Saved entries
--- START ---

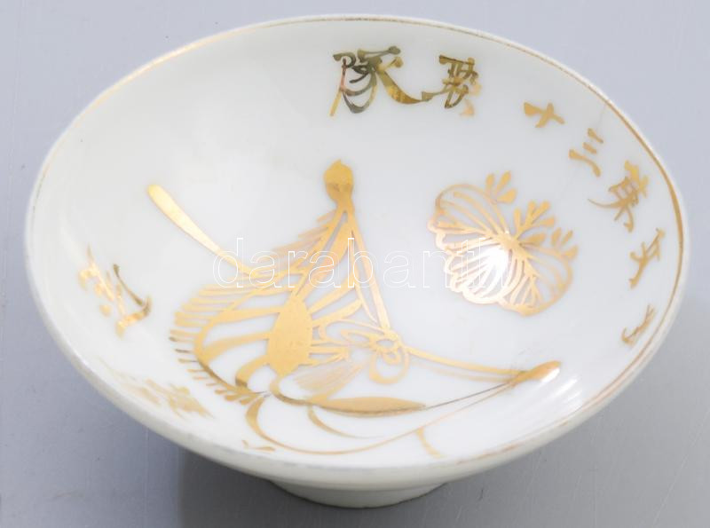 Japán porcelán katonai szakés csésze. cca 1940-1944, gyalogos hadosztály, páros zászló, császárfa levél és kalligrafikus díszítéssel, sérüléssel, d: 8 cm
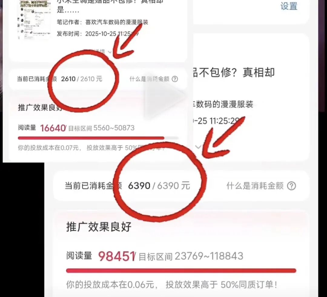 这还不算完,该作品达到了16000多的阅读后浏览量后,背后的陌生人可能觉得还没有达到预期的效果,于是又紧接着追加了6390元的投流,一共投了9000元,最终阅读量达到了将近10万。
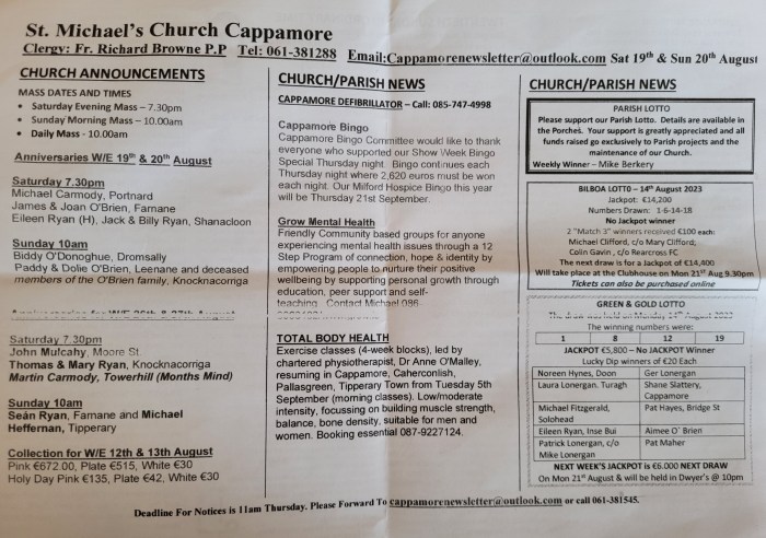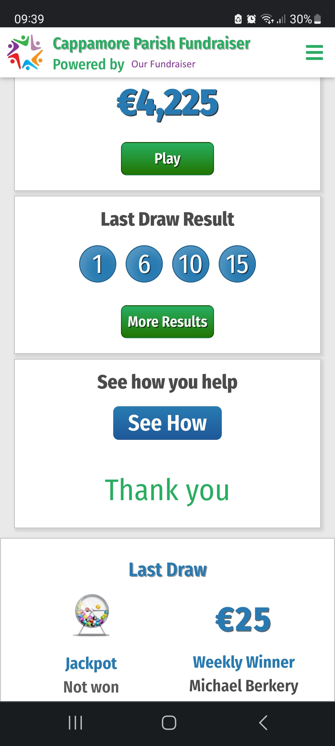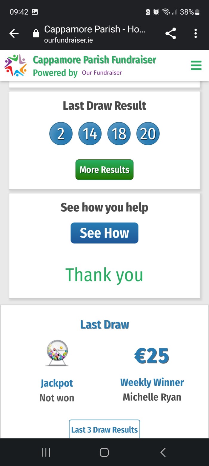 Next draw for a Jackpot of €14,800 will take place at the Clubhouse on Mon 4th Sep 2023 at 9:30pm.
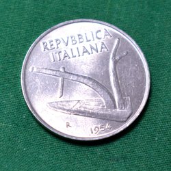 Italien 1954 Aluminium Mynt 10 Lire Kv.8
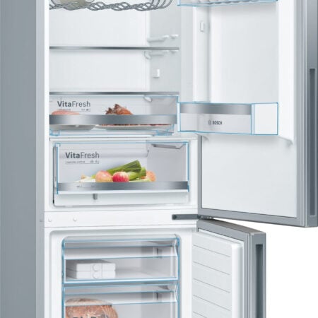 Bosch Serie 6 KGE39AICA. Totale nettocapaciteit: 343 l. Deurscharnieren: Rechts. Klimaatklasse: SN-T, Geluidsniveau: 38 dB. Nettocapaciteit koelkast: 249 l, Koelkast binnenverlichting, Aantal planken koelkast: 5, Aantal groente lades: 2. Nettocapaciteit vriezer: 94 l, Vriescapaciteit: 14 kg/24u. Vers zone compartiment. Energie-efficiëntieklasse: C, Jaarlijks energieverbruik: 149 kWu. Kleur van het product: Roestvrijstaal
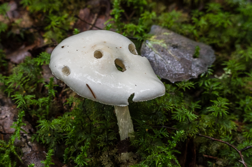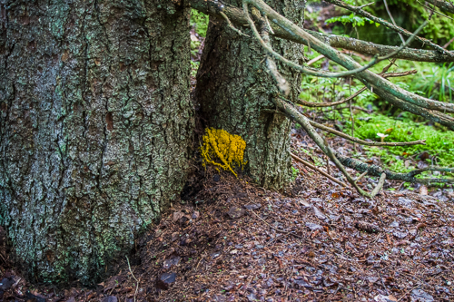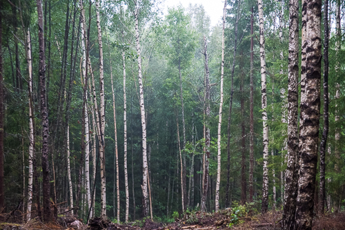 The rain almost hides the view. It takes a lot of water to satisfy the forest marshlands. Sometimes the light peaks through between the trees. One of those days the hermit recieves a welcomed visitor.
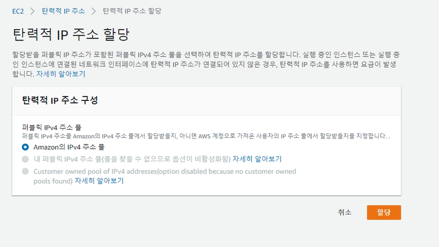 인스턴스와 주소연결탄력적 IP는 생성하고 EC2 서버에 연결하지 않으면 비용이 발생합니다. 즉, 생성한 탄력적 IP는 무조건 EC2에 바로 연결해야 하며 만약 더는 사용할 인스턴스가 없을 때도 탄력적 IP를 삭제해야 합니다.
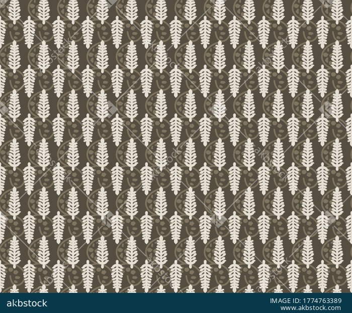 A refined seamless folk-inspired pattern featuring ivory leaf buti motifs arranged in vertical rows over a warm taupe brown background. Soft curved vine shapes and tonal detailing in the ground add gentle movement, giving the design a balanced handcrafted look with a calm traditional character. Suitable for apparel fabrics, kurti prints, blouse materials, lightweight home décor textiles, wallpaper styling, and elegant surface design collections.
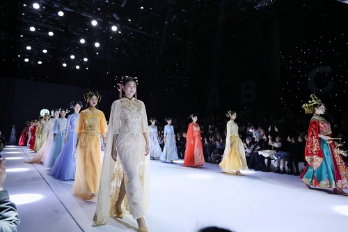 據悉,本次大秀以“融華”為主題,分別代表時尚和傳統的工藝及文化融合;匠心與本心的融合;多元化語言表達的融合;以及自然、精神和合之道。例如飾品將傳統的中式進行全新詮釋,把時尚元素與中國傳統的銜接、以及流行的元素與當下年輕人的需求融合在一起,通過例如豐富的工藝和材質,呈現出優雅精致的中式頭飾系列,奏響傳統和時尚和平共處的美好樂章。
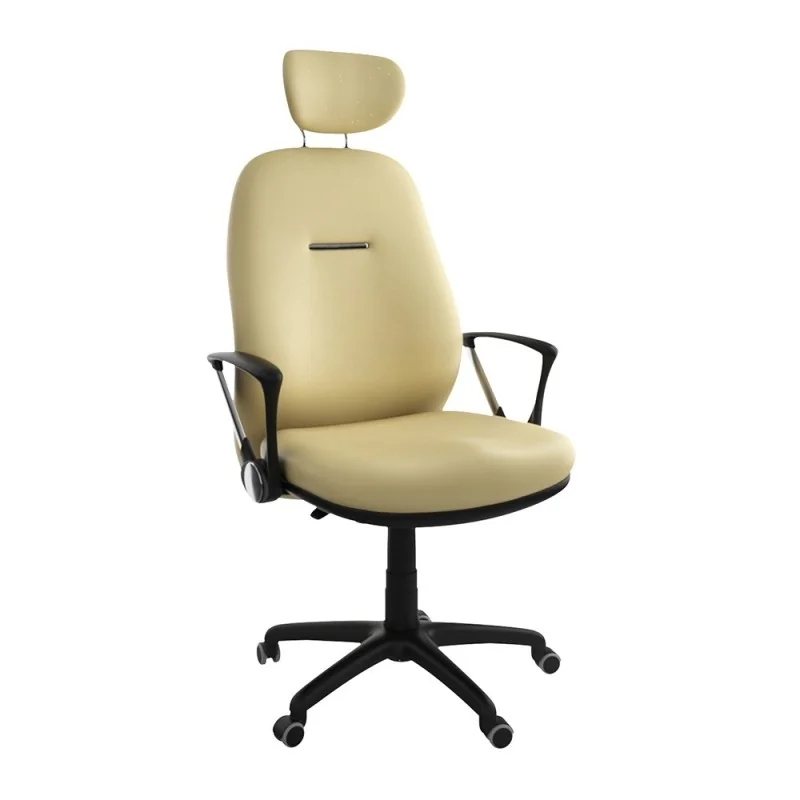 Assise et dossier en mousse injectée. Revêtement en simili cuir. Repose tête en mousse injectée revêtu en simili cuir. Accoudoirs en acier chromé et Polypropylène noir. Mécanisme Basculant, tournant, roulant, réglable en hauteur et en inclinaison. Structure étoilée à 05 branches en Polypropylène couleur noir avec 05 roulettes tournantes roulantes à double galets.
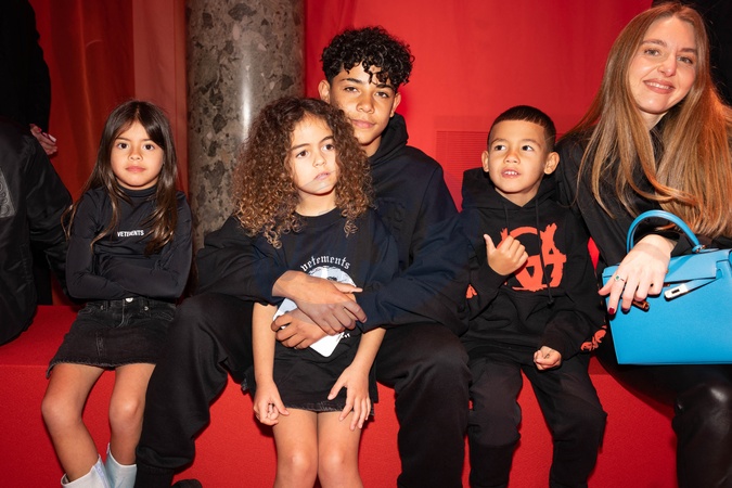 Enfants Cristiano Ronaldo et Georgina Rodrigez au défilé Vetements mode femme automne / hiver 2024-2025 lors de la Fashion Week de Paris (PFW), au Pavillon Cambon , France, le 1er Mars 2024. © Jérémy Melloul/Bestimage Vetements womenswear fall/winter 2024-2025 show during Paris Fashion Week (PFW), at Pavillon Cambon, France, on March 1st, 2024.
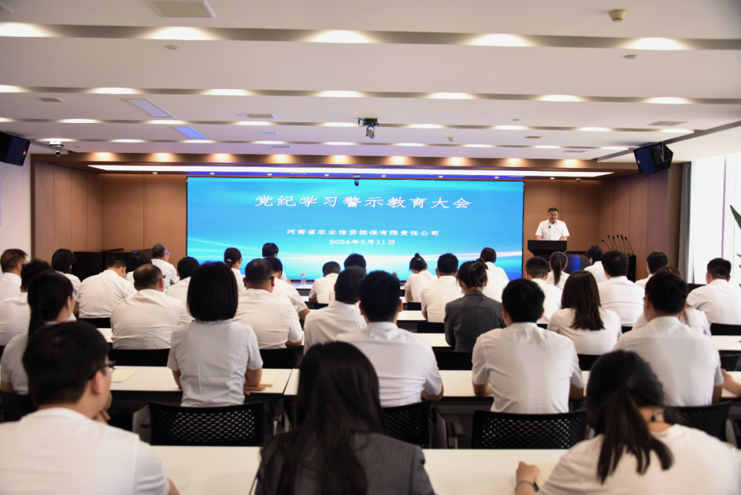 为扎实开展党纪学习教育,5月11日下午,河南农担公司召开党纪学习警示教育大会,教育引导全体干部员工以案为鉴、警钟长鸣,不断增强党纪党规观念,提高廉洁从业的自觉性。公司党委书记、董事长刁玉新出席会议并讲话,公司党委副书记、工会主席翟群丽主持会议并通报典型案例。
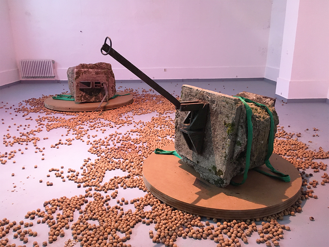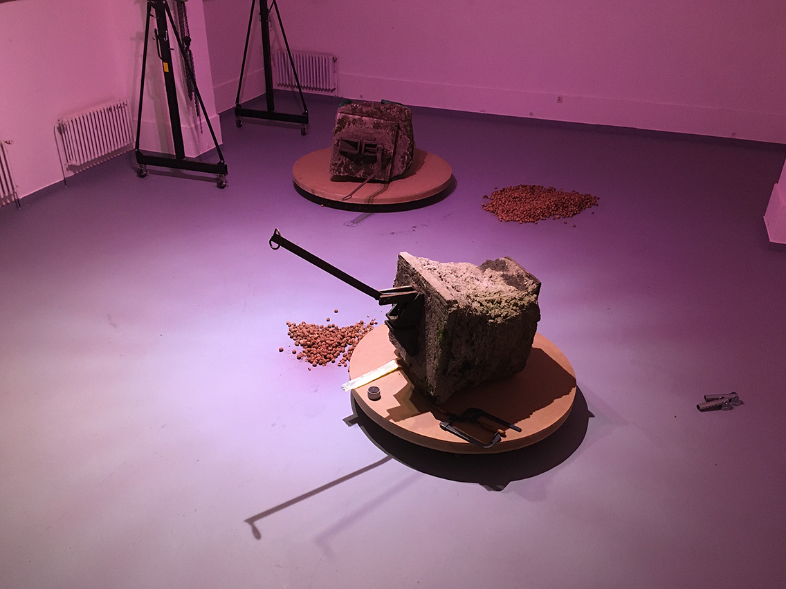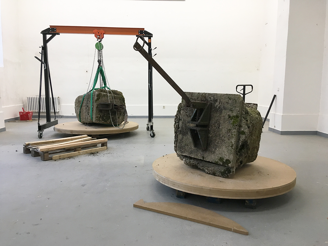 Diplomová práce Andrey Sobotkové se vztahuje k její site specific instalaci pro pardubický festival umění ve veřejném prostoru „Tvárnost paměti“, kterou na diplomové výstavě také prezentuje. V prostoru bývalého vojenského cvičiště, dnes postupně pohlcovaném přírodou, se zachovaly zbytky technických staveb a železniční infrastruktury. Sobotková zviditelnila jejich původní funkci dočasnou instalací překlenující mostní pilíře. V blízkosti jednoho z nich objevila rezidua manipulačního zařízení zapuštěná do betonových základů – dva fragmenty vytržené ze země –, které nyní přenesla do výstavního prostoru. Tyto artefakty, připomínající geologické vzorky – zatuhlé, hrubé a ve stavu pomalého rozkladu –, vnímá jako autentické otisky paměti původního místa a zachází s nimi, jako by šlo o živou hmotu pohybující se v prostoru.

--- END ---

▶ _What to produce_
Only the text of the entries above, transcribed exactly, should be given; leave out pictures.

▶ _Answer box_
 Japán porcelán katonai szakés csésze. cca 1940-1944, gyalogos hadosztály, páros zászló, császárfa levél és kalligrafikus díszítéssel, sérüléssel, d: 8 cm
 这还不算完,该作品达到了16000多的阅读后浏览量后,背后的陌生人可能觉得还没有达到预期的效果,于是又紧接着追加了6390元的投流,一共投了9000元,最终阅读量达到了将近10万。
 Next draw for a Jackpot of €14,800 will take place at the Clubhouse on Mon 4th Sep 2023 at 9:30pm.
 Italien 1954 Aluminium Mynt 10 Lire Kv.8
 Bosch Serie 6 KGE39AICA. Totale nettocapaciteit: 343 l. Deurscharnieren: Rechts. Klimaatklasse: SN-T, Geluidsniveau: 38 dB. Nettocapaciteit koelkast: 249 l, Koelkast binnenverlichting, Aantal planken koelkast: 5, Aantal groente lades: 2. Nettocapaciteit vriezer: 94 l, Vriescapaciteit: 14 kg/24u. Vers zone compartiment. Energie-efficiëntieklasse: C, Jaarlijks energieverbruik: 149 kWu. Kleur van het product: Roestvrijstaal
 The rain almost hides the view. It takes a lot of water to satisfy the forest marshlands. Sometimes the light peaks through between the trees. One of those days the hermit recieves a welcomed visitor.
 인스턴스와 주소연결탄력적 IP는 생성하고 EC2 서버에 연결하지 않으면 비용이 발생합니다. 즉, 생성한 탄력적 IP는 무조건 EC2에 바로 연결해야 하며 만약 더는 사용할 인스턴스가 없을 때도 탄력적 IP를 삭제해야 합니다.
 A refined seamless folk-inspired pattern featuring ivory leaf buti motifs arranged in vertical rows over a warm taupe brown background. Soft curved vine shapes and tonal detailing in the ground add gentle movement, giving the design a balanced handcrafted look with a calm traditional character. Suitable for apparel fabrics, kurti prints, blouse materials, lightweight home décor textiles, wallpaper styling, and elegant surface design collections.
 據悉,本次大秀以“融華”為主題,分別代表時尚和傳統的工藝及文化融合;匠心與本心的融合;多元化語言表達的融合;以及自然、精神和合之道。例如飾品將傳統的中式進行全新詮釋,把時尚元素與中國傳統的銜接、以及流行的元素與當下年輕人的需求融合在一起,通過例如豐富的工藝和材質,呈現出優雅精致的中式頭飾系列,奏響傳統和時尚和平共處的美好樂章。
 Assise et dossier en mousse injectée. Revêtement en simili cuir. Repose tête en mousse injectée revêtu en simili cuir. Accoudoirs en acier chromé et Polypropylène noir. Mécanisme Basculant, tournant, roulant, réglable en hauteur et en inclinaison. Structure étoilée à 05 branches en Polypropylène couleur noir avec 05 roulettes tournantes roulantes à double galets.
 Enfants Cristiano Ronaldo et Georgina Rodrigez au défilé Vetements mode femme automne / hiver 2024-2025 lors de la Fashion Week de Paris (PFW), au Pavillon Cambon , France, le 1er Mars 2024. © Jérémy Melloul/Bestimage Vetements womenswear fall/winter 2024-2025 show during Paris Fashion Week (PFW), at Pavillon Cambon, France, on March 1st, 2024.
 为扎实开展党纪学习教育,5月11日下午,河南农担公司召开党纪学习警示教育大会,教育引导全体干部员工以案为鉴、警钟长鸣,不断增强党纪党规观念,提高廉洁从业的自觉性。公司党委书记、董事长刁玉新出席会议并讲话,公司党委副书记、工会主席翟群丽主持会议并通报典型案例。
 Diplomová práce Andrey Sobotkové se vztahuje k její site specific instalaci pro pardubický festival umění ve veřejném prostoru „Tvárnost paměti“, kterou na diplomové výstavě také prezentuje. V prostoru bývalého vojenského cvičiště, dnes postupně pohlcovaném přírodou, se zachovaly zbytky technických staveb a železniční infrastruktury. Sobotková zviditelnila jejich původní funkci dočasnou instalací překlenující mostní pilíře. V blízkosti jednoho z nich objevila rezidua manipulačního zařízení zapuštěná do betonových základů – dva fragmenty vytržené ze země –, které nyní přenesla do výstavního prostoru. Tyto artefakty, připomínající geologické vzorky – zatuhlé, hrubé a ve stavu pomalého rozkladu –, vnímá jako autentické otisky paměti původního místa a zachází s nimi, jako by šlo o živou hmotu pohybující se v prostoru.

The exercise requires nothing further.